Dużą część broni zabezpieczono nie u członków gangu czy przestępców, ale u tzw. zwykłych ludzi, kolekcjonerów lub miłośników broni. Wiele osób podczas akcji policji z zaskoczeniem dowiadywało się, że posiada nielegalną broń. Dużym problemem jest zalew przerabianej broni z Czech i Słowacji, nazywanej tam „bronią nieoperacyjną” lub „dezaktywowaną”. To pistolety czy karabiny wyprodukowane w zakładach zbrojeniowych, ale teoretycznie pozbawione cech bojowych. Na Słowacji może ją kupić każdy, kto ukończył 18 lat.

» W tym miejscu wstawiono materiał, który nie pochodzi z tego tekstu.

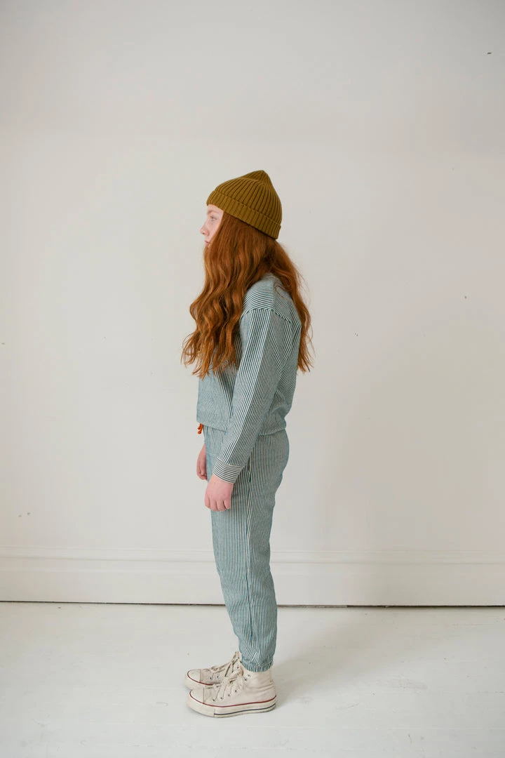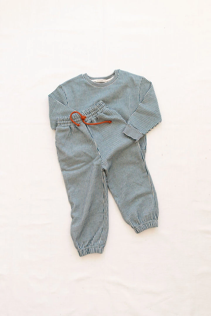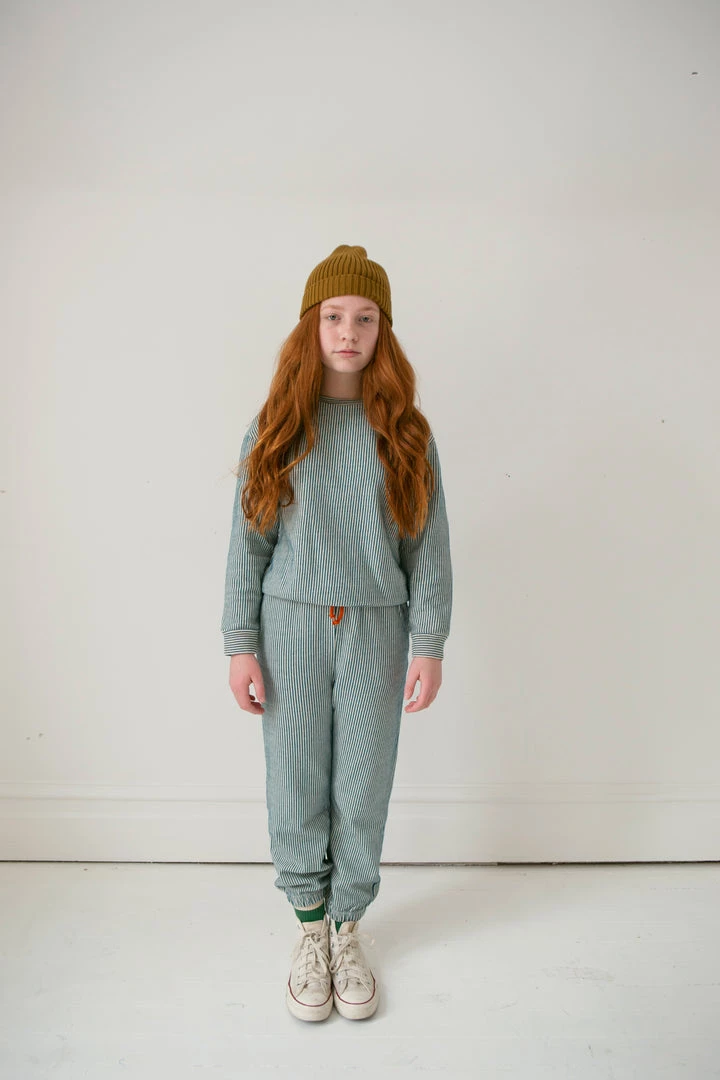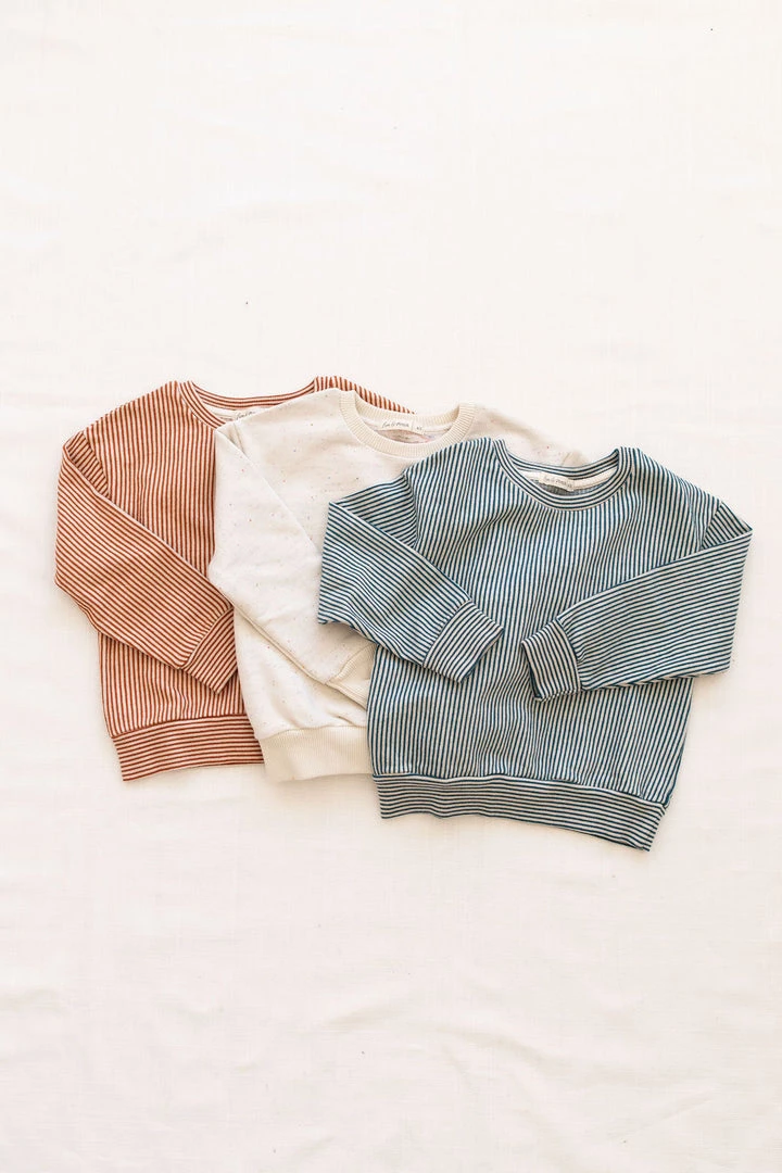 french terry softness in our effortless crew neck pullover sweater, gorgeous ocean pinstripe details and banded hem for added shape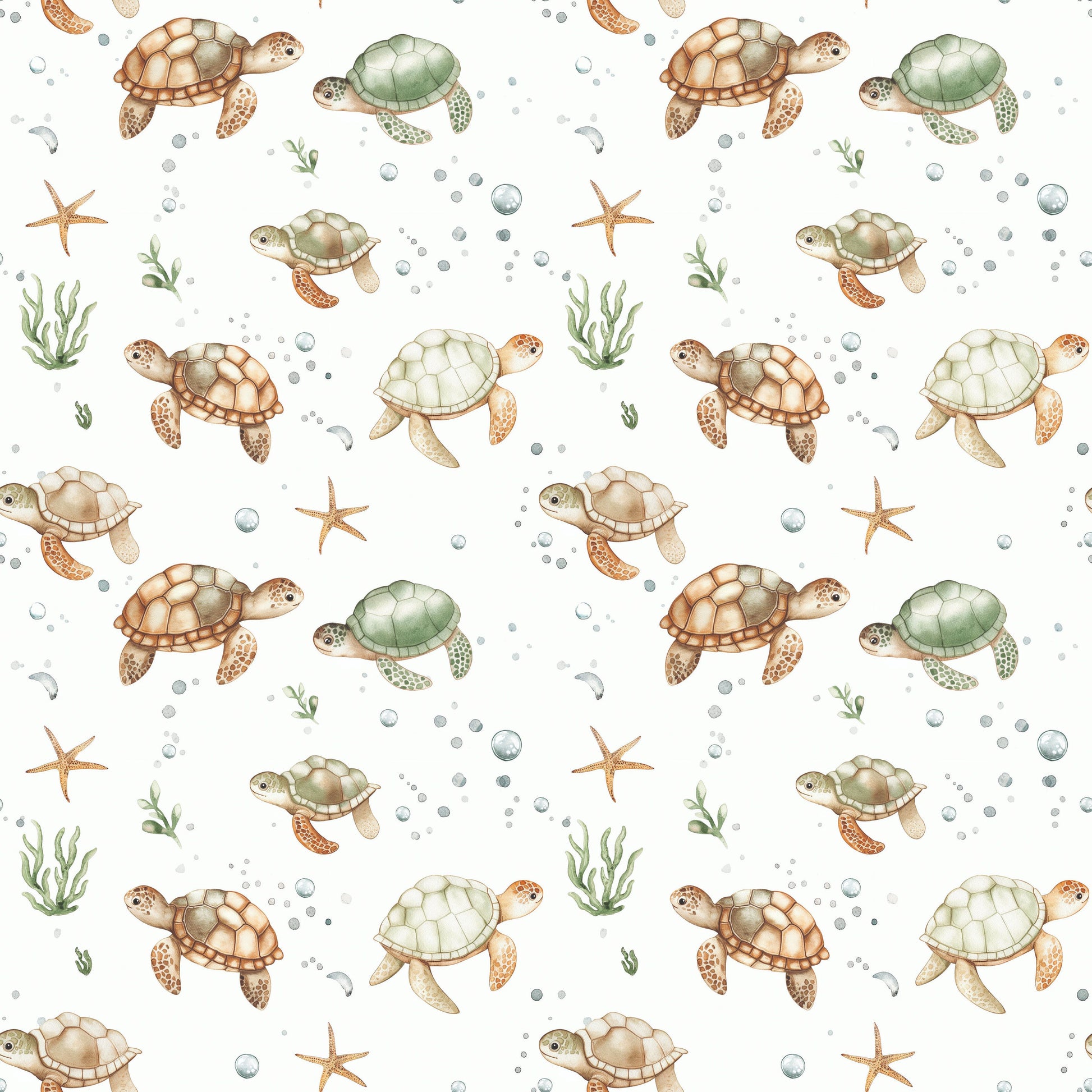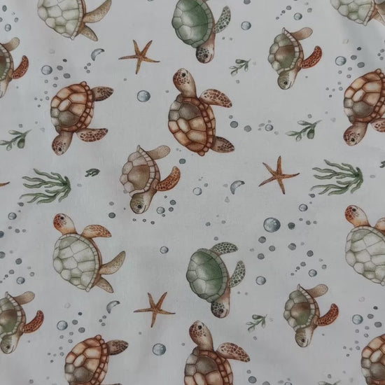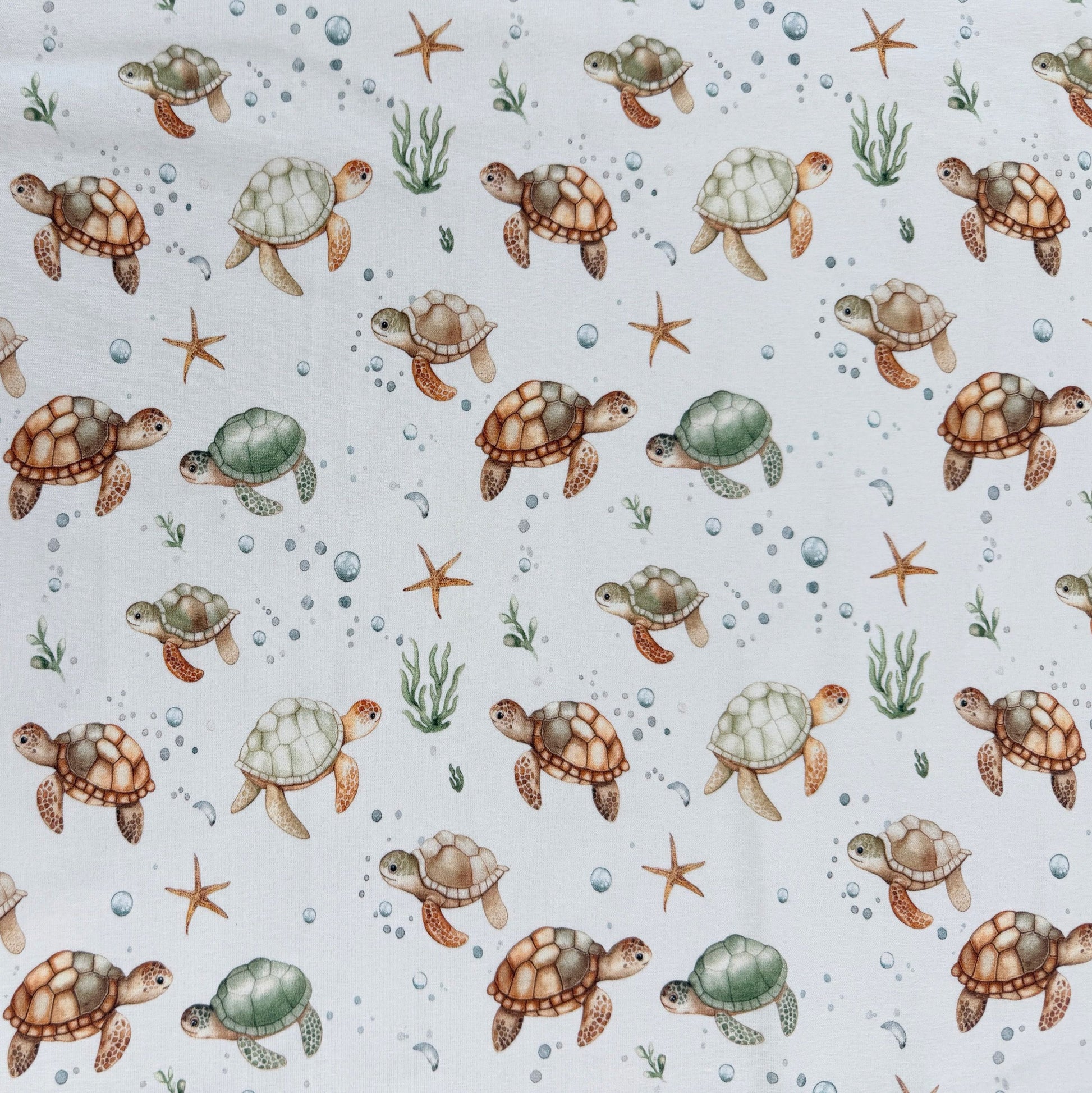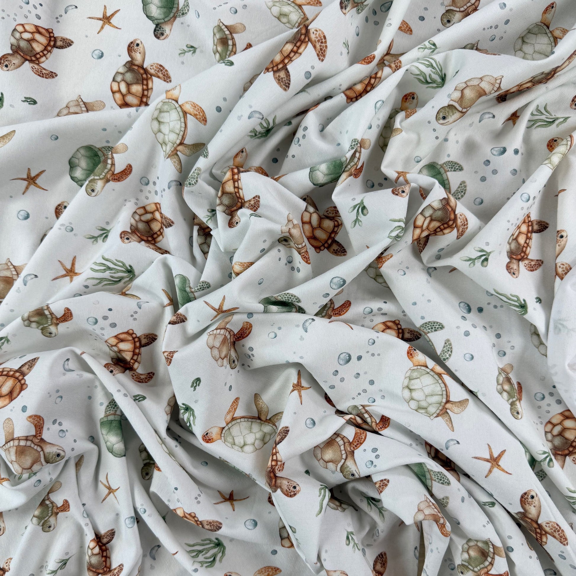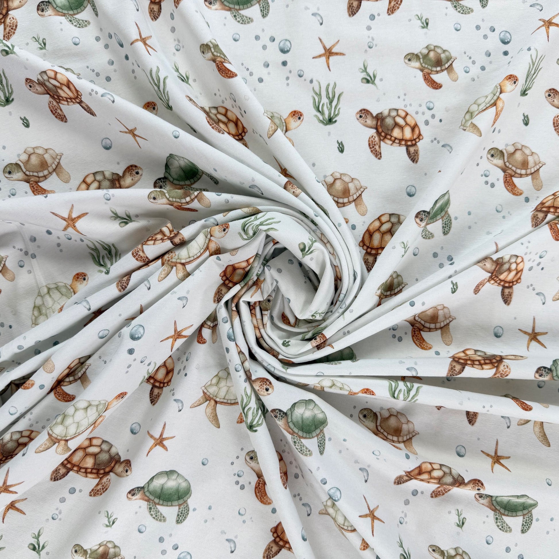 A jersey fabric featuring green and brown sea turtles, seaweed, starfish and bubbles . Soft, comfortable and breathable, this cotton jersey fabric is great for t-shirts, leggings, tank tops and more. Featuring a beautiful custom hand painted watercolour design.

Najbardziej znanym w Polsce przypadkiem kradzieży broni jest napad na warszawską jednostkę wojskową na Bemowie. Kradzieże to nie wszystko (a wręcz sporadyczne przypadki). Częściej można spotkać się z próbami nielegalnego transportu broni do Polski. Problem jest mniejszy niż ćwierć wieku temu, kiedy w latach 90. grupy albańskie czy jugosłowiańskie również przerzucały broń dla świata przestępczego.
Ostatnie włamanie do magazynu z bronią miało miejsce w kwietniu 2018 roku w miejscowości Debrzno-Wieś koło Złotowa (woj. wielkopolskie). Z magazynu firmy handlującej bronią, która zaopatruje wojsko, zginęły pistolety maszynowe typu Rak (czyli PM-63 – broń polskiej konstrukcji produkowana do połowy lat 70. XX wieku) razem z amunicją oraz granaty wojskowe. Amunicję i uzbrojenie przechowywano w lotniczym hangarze na terenie dawnego lotniska. Powojskowe zabudowania niedawno przejęła firma, która przeniosła się ze Śląska do Wielkopolski. Ma ona wszystkie certyfikaty potrzebne do przechowywania i handlu bronią. Policja nie podaje szczegółów w tej sprawie.
Kradzieże broni to nie jest tylko polski problem. Niemiecki rejestr broni, pod koniec stycznia 2018 roku, wykazywał 24 531 sztuk broni, która została zgłoszona jako zaginiona lub skradziona. Najnowsze statystyki wskazują na wzrost rzędu 18 proc. w porównaniu z rokiem ubiegłym. W większości przypadków chodzi o zgubienie broni. Jedna piąta przypadków to kradzież.